Aber wenn ein Mann einen Mann oder eine Frau eine Frau liebt, dann kommen die selbsternannten Wächter von Moral und Sitte um die Ecke und sprechen diesen Menschen die Natürlichkeit ab. Diese Doppelmoral ist widerlich. Wo um Himmels Willen ist denn eigentlich das Problem, wenn ein Mensch einen Menschen liebt? Was ist denn bitte daran verwerflich oder unmoralisch, wenn zwei erwachsene Menschen sich umeinander kümmern?

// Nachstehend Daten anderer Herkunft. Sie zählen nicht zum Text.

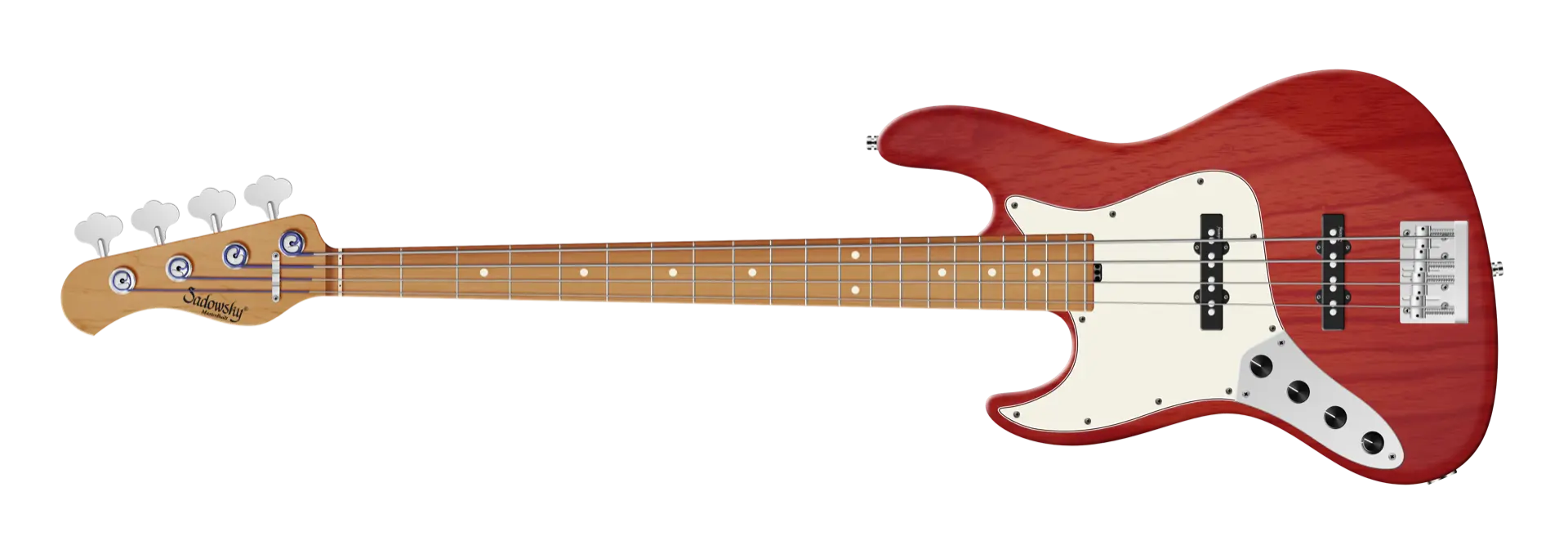 Der Sadowsky MasterBuilt 21-Fret Vintage J/J Bass hat einen tollen Vintage-Vibe! Dank der berühmten Sadowsky-Elektronik erhalten Sie einen Bass im Vintage-Look mit dem speziellen Sadowsky-Ton: Niemals harsch oder schrill klingend, mit starken, kraftvollen (aber niemals matschigen!) Bässen, Mitten, die präsent, aber nicht zu aggressiv sind, und einem süßen und luftigen Höhenbereich. Diese 4-saitige Linkshänder-Version hat einen schlanken, unterdimensionierten J-Style-Korpus aus amerikanischer Sumpfesche (chambered), der in einem Burgundy Red Transparent Satin Finish lackiert ist. Der satinierte Hals ist aus geröstetem amerikanischem Ahorn gefertigt und hat ein Griffbrett aus geröstetem amerikanischem Ahorn. Zu den besonderen Merkmalen dieses Basses gehören zwei brummfreie Sadowsky J-Style-Tonabnehmer, eine aktive Elektronik mit True Bypass, Treble- und Bass-Boost und Vintage Tone Control. Außerdem verfügt er über leichte, offene Sadowsky-Mechaniken und eine Sadowsky Quick String Release Bridge. Dieser Bass wird ausschließlich in unserer Werkstatt in Deutschland hergestellt und wiegt nie mehr als 3,8 kg. Eine gute Wahl für Bassisten, die einen leichten Bass im Vintage-Stil mit einem modernen Bass-Sound suchen.
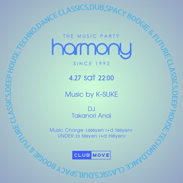 4月のHARMONYはK-SUKEとTakanori Anaiの2マンで音届けいたします。じっくりと1人のDJと向き合う音楽観を堪能して頂きたいです。
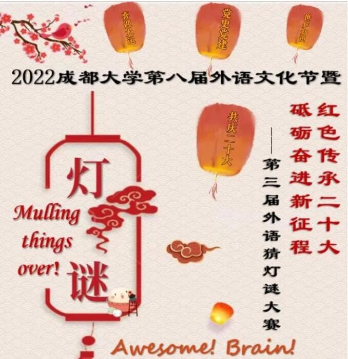 传承红色基因,践行初心使命。全校同学在此次活动中热情洋溢,在积极参与活动的同时锻炼自己的英语理解能力。同时纷纷表示对党的伟大发展历程有了更深的了解,也对大运会的召开更加期待了。此次猜灯谜大赛尽现成大学子风采,为外语文化节增添一抹亮丽色彩。
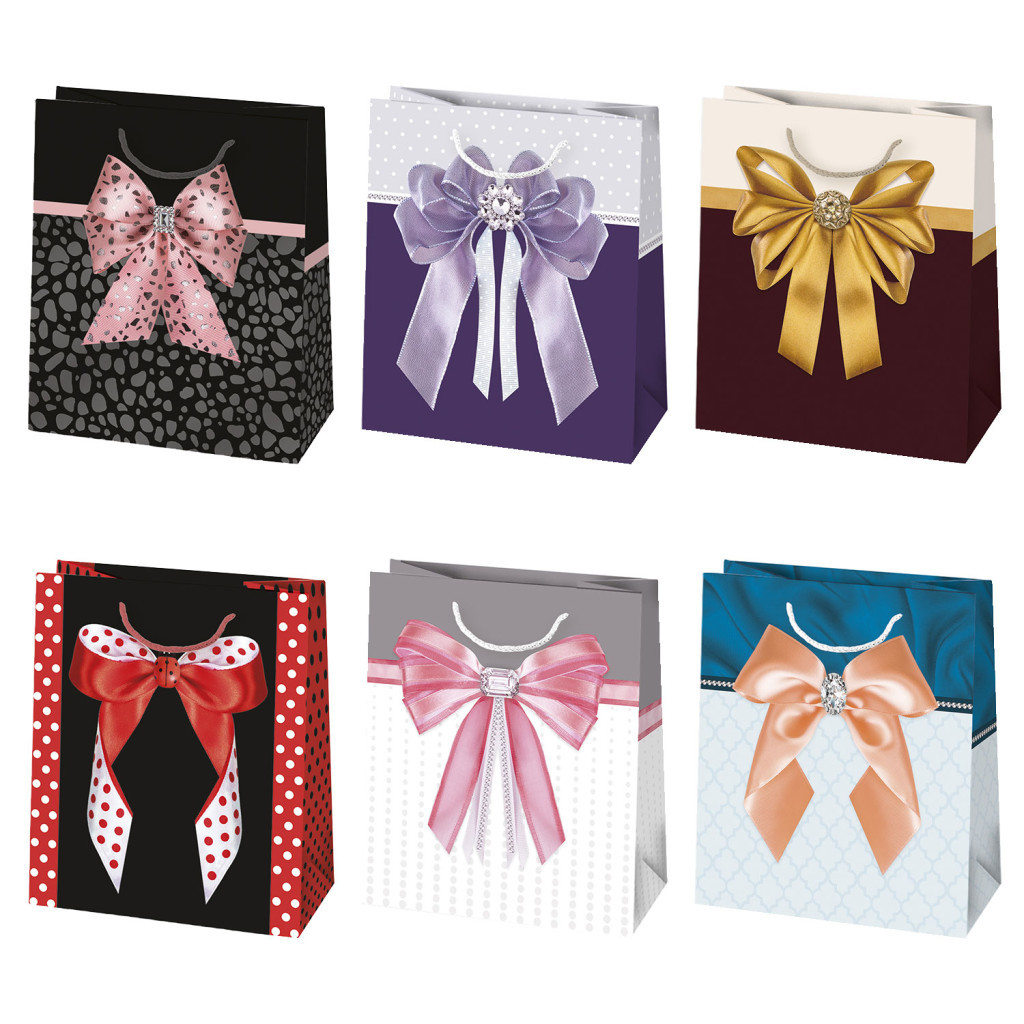 Színes Bow papír ajándéktasak, ajándékzacskó 19x23x10,5 cm
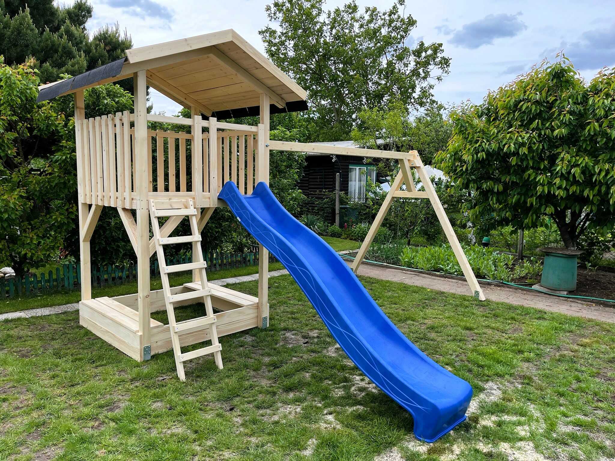 Základní varianta obsahuje vysokou věž se zábradlím, na kterou se děti dostanou pomocí žebříku. Součástí hřiště je pískoviště bez krytu a na věž navazuje pevný houpačkový modul určený pro dvě závěsné houpačky. Konstrukce je zhotovena z hranolů 8×8 cm.
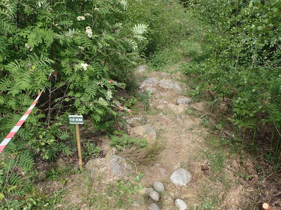 ![]() 14.31 Uhr Irgendwo waren hier die Strecken des 12k, des 25k und des 52k zusammen getroffen. Nun führten die Strecke gemeinsam ins Ziel. Demnach waren es noch drei Kilometer auf dem 25k, vier Kilometer auf dem 52k und ausgehend vom Kilometer 6 noch fast fünf Kilometer auf dem 12k. Dann war ja alles klar. |
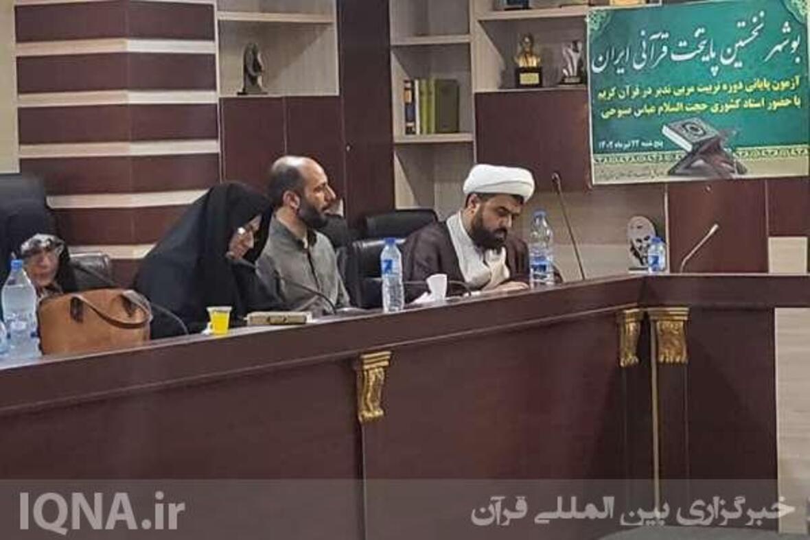 به گزارش ایکنا از بوشهر، هفتمین دوره از کلاسهای آموزشی تربیت مربی تدبر در قرآن کریم ویژه فعالان قرآنی بوشهر و گناوه، روز گذشته ۲۲ تیرماه، طی سه جلسه، با مدرسی حجتالاسلام والمسلمین عباس صبوحی از شهر قم، که از سوی مؤسسه فرهنگی قرآن و عترت طاها بوشهر و با همکاری مؤسسه قرآنی حضرت رقیه(س) بوشهر و معاونت فرهنگی و رسانهای ادارهکل فرهنگ و ارشاداسلامی استان بوشهر در محل سالن جلسات این ادارهکل برگزار شد.

Mehr Aufklärung, mehr Vorbilder

Vielleicht ist es daher heute umso wichtiger, dieses Datum zu feiern. Denn es stellt einen Meilenstein dar auf dem Weg, der Gleichberechtigung von Menschen Ausdruck zu verleihen und tatsächlich die Würde anderer nicht anzutasten. Aber es gibt noch viel zu tun. Denn Paragrafen sind nicht alles; ob sie nun verabschiedet oder abgeschafft werden. Es verhält sich so wie mit dem Grundgesetz. Lesen ist das eine, es verinnerlichen und danach leben das andere.

Wenn jemand sagt 'Ich bin homosexuell' sollte als Reaktion darauf ein schlichtes, authentisches 'Ja, und?' folgen.

Die Errungenschaften unserer Zeit, die noch nicht so gewachsen, gefestigt und selbstverständlich sind, wie sich das viele von uns wünschen, müssen vielleicht anders vermittelt werden. Dazu gehört auch Paragraf 177 Strafgesetzbuch, der sexuelle Handlung gegen den erkennbaren Willen einer anderen Person strafbar macht. Es braucht mehr Aufklärung, mehr Vorbilder, um mehr Selbstverständlichkeit zu erreichen.

Wenn Sie mich also nach dem Ziel fragen würden, würde ich sagen: Wenn jemand sagt "Ich bin homosexuell" sollte als Reaktion darauf ein schlichtes, authentisches "Ja, und?" folgen. Punkt.